A capillary tube of 1mm diameter and 20 cm long is fitted horizontally to a vessel kept full of alcohol of density 0.8 gm//c.c. The depth of centre of capillary tube below the surface of alcohol is 20 cm. If the visosity of oil is `0.12 dyn e cm^(-2)` s, find the amount of liquid that will flow in 5 minuts.

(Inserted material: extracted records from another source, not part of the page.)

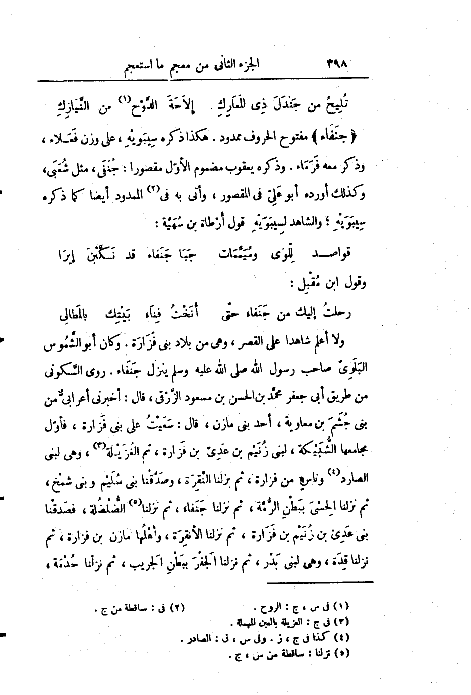 ولا أعلم شاهدا على القصر، وهى من بلاد بنى فزارة. وكان أبو الشّموس البلوىّ صاحب رسول الله صلى الله عليه وسلم ينزل جنفاء. روى السّكونى من طريق أبى جعفر محمّد بن الحسن بن مسعود الزّرقى، قال: أخبرنى أعرابىّ من بنى جشم بن معاوية، أحد بنى مازن، قال: سعيت على بنى فزارة، فأوّل مجامعها الشّبيكة، لبنى زنيم بن عدىّ بن فزارة، ثم الغزيلة «3» ، وهى لبنى الصارد «4» وناس من فزارة، ثم بزلنا النّقرة، وصدّقنا بنى سليم وبنى شمخ، ثم نزلنا الحسى ببطن الرّمّة، ثم نزلنا جنفاء، ثم نزلنا «5» الضّلضلة، فصدقنا بنى عدى بن زنيم بن فزارة، ثم نزلنا الأنقرة، وأهلها مازن بن فزارة، ثم نزلنا قدة، وهى لبنى بدر، ثم نزلنا الجفر ببطن الجريب، ثم نزلنا حدمة،
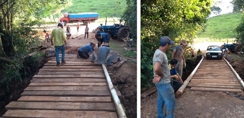 A comunidade da Água da Baliza, em Iretama, se reuniu a fez uma pinguela para que os moradores pudessem chegar até a BR-487. A ponte que existiu no local caiu.
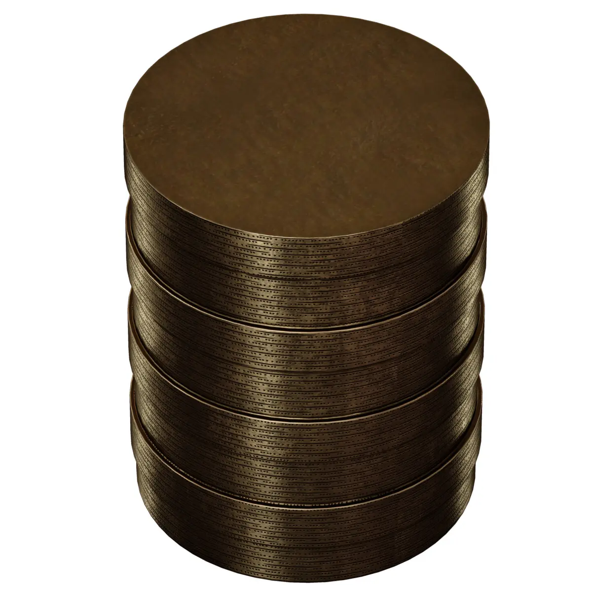Round metal side table in the shape of a barrel, finish - antique brass, can be used as a side table or a table for bathroom decor.
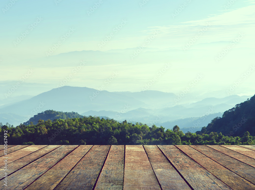 Wood terrace with perspective view on mountain hills and mist. Vintage style.
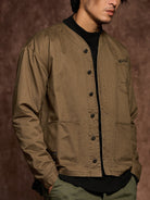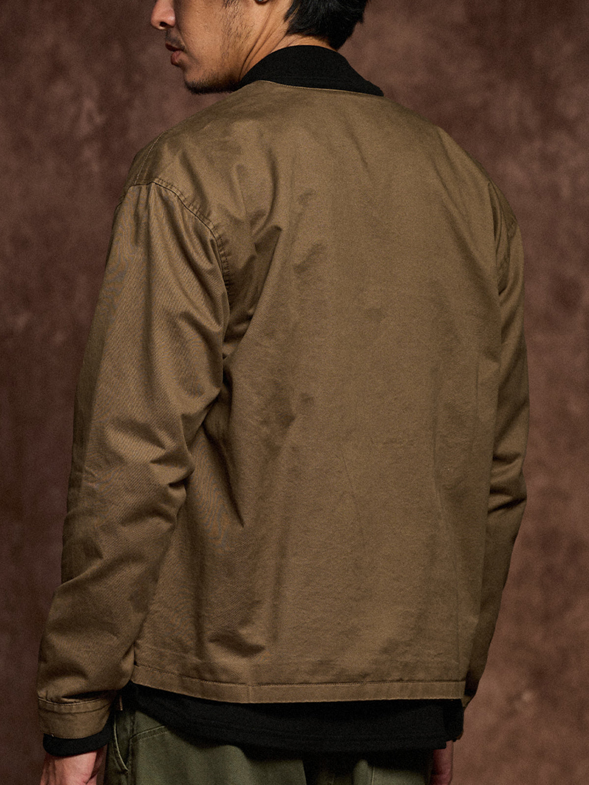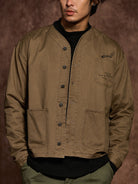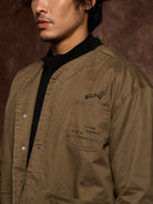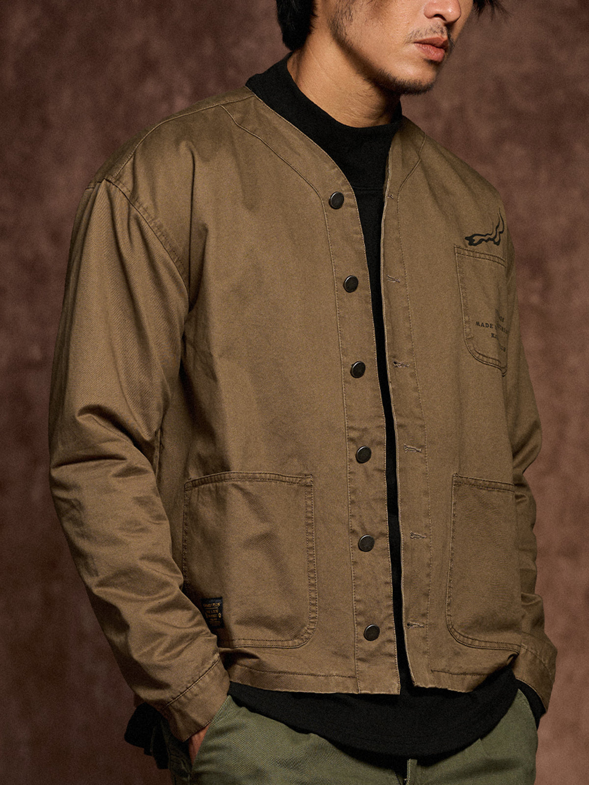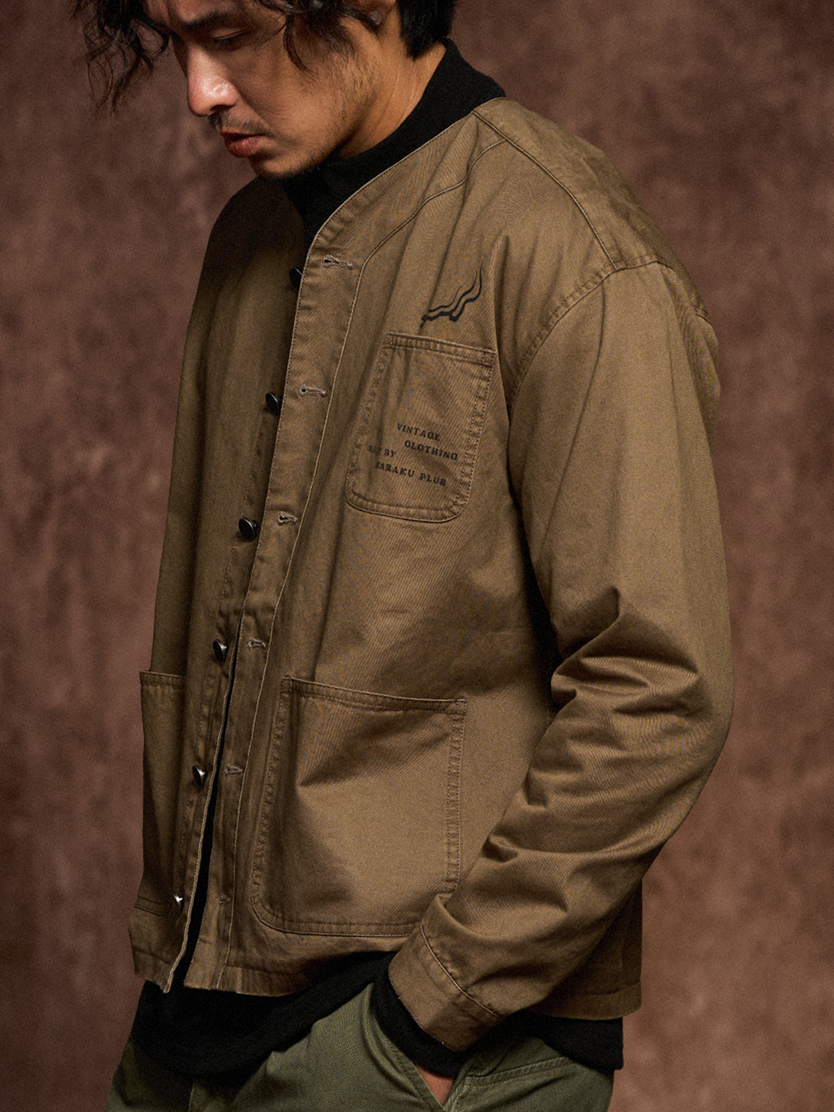 The no-collar design gives a modern and refined look, combining casual comfort with a stylish appearance. Large patch pockets on both sides offer high practicality. A flame motif print above the left chest pocket serves as a standout design feature, enhanced by the addition of the brand logo. The chest pocket is printed with the phrase: “VINTAGE CLOTHING MADE BY KARAKU PLUS”, expressing the brand's core concept.

To solve the problem step by step, we will use the principles of fluid dynamics, specifically the Hagen-Poiseuille equation which describes the flow of a viscous fluid through a cylindrical pipe (capillary tube). ### Step 1: Convert all units to SI units - Diameter of the capillary tube = 1 mm = \(1 \times 10^{-3}\) m - Radius \(r\) = \(\frac{1}{2} \times 10^{-3}\) m = \(0.5 \times 10^{-3}\) m - Length of the capillary tube \(L\) = 20 cm = \(20 \times 10^{-2}\) m = \(0.2\) m - Density of alcohol \(\rho\) = 0.8 g/cm³ = \(0.8 \times 10^{3}\) kg/m³ = \(800\) kg/m³ - Depth \(h\) = 20 cm = \(20 \times 10^{-2}\) m = \(0.2\) m - Viscosity of oil \(\eta\) = 0.12 dyn·s/cm² = \(0.12 \times 10^{-1}\) Pa·s = \(0.012\) Pa·s (since \(1 \text{ dyn·s/cm}^2 = 0.1 \text{ Pa·s}\)) ### Step 2: Calculate the pressure difference The pressure difference \(\Delta P\) due to the height of the liquid column is given by: \[ \Delta P = h \cdot \rho \cdot g \] Where \(g\) (acceleration due to gravity) = \(9.81\) m/s². \[ \Delta P = 0.2 \, \text{m} \cdot 800 \, \text{kg/m}^3 \cdot 9.81 \, \text{m/s}^2 \] \[ \Delta P = 1569.6 \, \text{Pa} \] ### Step 3: Use the Hagen-Poiseuille equation The volume flow rate \(Q\) through the capillary tube is given by: \[ Q = \frac{\pi r^4 \Delta P}{8 \eta L} \] Substituting the values: \[ Q = \frac{\pi (0.5 \times 10^{-3})^4 \cdot 1569.6}{8 \cdot 0.012 \cdot 0.2} \] Calculating \(r^4\): \[ (0.5 \times 10^{-3})^4 = 6.25 \times 10^{-13} \, \text{m}^4 \] Now substituting: \[ Q = \frac{3.14159 \cdot 6.25 \times 10^{-13} \cdot 1569.6}{8 \cdot 0.012 \cdot 0.2} \] Calculating the denominator: \[ 8 \cdot 0.012 \cdot 0.2 = 0.0192 \] Now calculating \(Q\): \[ Q \approx \frac{3.14159 \cdot 6.25 \times 10^{-13} \cdot 1569.6}{0.0192} \approx 5.1 \times 10^{-10} \, \text{m}^3/s \] ### Step 4: Calculate the total volume in 5 minutes Convert 5 minutes to seconds: \[ 5 \, \text{minutes} = 5 \times 60 = 300 \, \text{seconds} \] Total volume \(V\) that flows in 5 minutes: \[ V = Q \cdot t = 5.1 \times 10^{-10} \, \text{m}^3/s \cdot 300 \, \text{s} \approx 1.53 \times 10^{-7} \, \text{m}^3 \] ### Step 5: Convert volume to cm³ \[ 1 \, \text{m}^3 = 10^6 \, \text{cm}^3 \] So, \[ V \approx 1.53 \times 10^{-7} \, \text{m}^3 \times 10^6 \approx 0.153 \, \text{cm}^3 \] ### Final Answer The amount of liquid that will flow in 5 minutes is approximately **0.153 cm³**.